Preparation of (8S,20S)-Des-A,B-8-benzoyloxy-20-formylpregnane (3)

Sulfur trioxide pyridine complex (1.94 g, 12.2 mmol) was added to a solution of the alcohol 2 (6.40 mg, 2.03 mmol), triethylamine (1.41 mL, 1.02 g, 10.1 mmol) in anhydrous methylene chloride (10 mL) and anhydrous DMSO (2 mL) at 0° C. The reaction mixture was stirred under argon at 0° C. for 1 h and then concentrated. The residue was diluted with ethyl acetate, washed with brine, dried (Na₂SO₄) and concentrated. The residue was purified by column chromatography on silica gel with hexane/ethyl acetate (95:5) to give the aldehyde 3 (529 mg, 83% yield) as an oil: ¹H NMR (400 MHz, CDCl₃+TMS) δ 9.60 (1H, d, J=3.1 Hz, CHO), 8.05 (2H, m, o-H_Bz), 7.57 (1H, m, p-H_Bz), 7.45 (2H, m, m-H_Bz), 5.44 (1H, s, 8α-H), 2.39 (1H, m, 20-H), 2.03 (2H, dm, J=11.5 Hz), 1.15 (3H, d, J=6.9 Hz, 21-H₃), 1.10 (3H, s, 18-H₃); ¹³C NMR (100 MHz) δ 204.78 (d, CHO), 166.70 (s, C═O), 132.78 (d, p-Bz), 130.69 (s, i-Bz), 129.50 (d, o-Bz), 128.38, (d, m-Bz), 71.66 (d, C-8), 51.30 (d), 50.95 (d), 49.20 (d), 42.38 (s, C-13), 39.62 (t), 30.47 (t), 25.99 (1), 22.92 (t), 17.92 (t), 13.90 (q), 13.35 (q); MS (EI) m/z 314 (1, M⁺), 299 (0.5, M⁺-Me), 286 (1, M⁺-CO), 285 (5, M⁺-CHO), 257 (1, M⁺-C₃H₅O), 209 (10, M⁺-PhCO), 192 (38), 134 (60), 105 (100), 77 (50); exact mass calculated for C₂₀H₂₆O₃ (M⁺) 314.1882, found 314.1887.
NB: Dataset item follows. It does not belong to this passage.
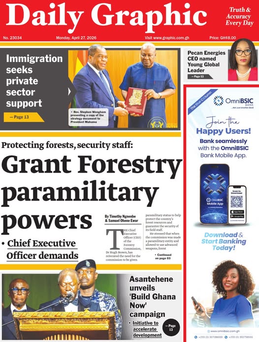 Newspaper headlines: Monday, April 27, 2026 Newspaper Headlines April 27, 2026 7:18 am - Audio By Carbonatix DISCLAIMER: The Views, Comments, Opinions, Contributions and Statements made by Readers and Contributors on this platform do not necessarily represent the views or policy of Multimedia Group Limited. FacebookWhatsAppXTelegramEmailPinterestPrint Previous articleAMA court convicts three for open defecation and illegal dumping in AccraNext articleSee the areas that will be affected by ECG’s planned maintenance today TagsNewspaper headlines RELATED ARTICLES Local News Youth Development Minister reiterates government’s commitment to improving lives of young people Local News Asiedu Nketia begins Upper East Thank-You Tour Local News Mahama praises Julius Debrah for loyalty, kindness at 60th birthday thanksgiving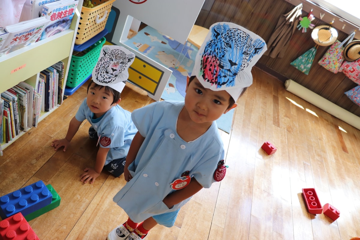 9月13日に全クラスでお面づくりをして、17日にはお面を使って“なりきりあそび”や“動物園ごっこ”をしました。

Preparation of (8S,20R)-Des-A,B-8-benzoyloxy-20-(hydroxymethyl)pregnane (4)

The aldehyde 3 (364 mg, 1.12 mmol) was dissolved in methylene chloride (15 mL) and a 40% aq. n-Bu₄NOH solution (1.47 mL, 1.45 g, 2.24 mmol) was added. The resulting mixture was stirred under argon at room temperature for 16 h, diluted with methylene chloride (20 mL), washed with water, dried (Na₂SO₄) and concentrated under reduced pressure. A residue was chromatographed on silica gel with hexane/ethyl acetate (95:5) to afford a mixture of aldehyde 3 and its 20-epimer (292 mg, 80% yield) in ca. 1:2 ratio (by ¹H NMR).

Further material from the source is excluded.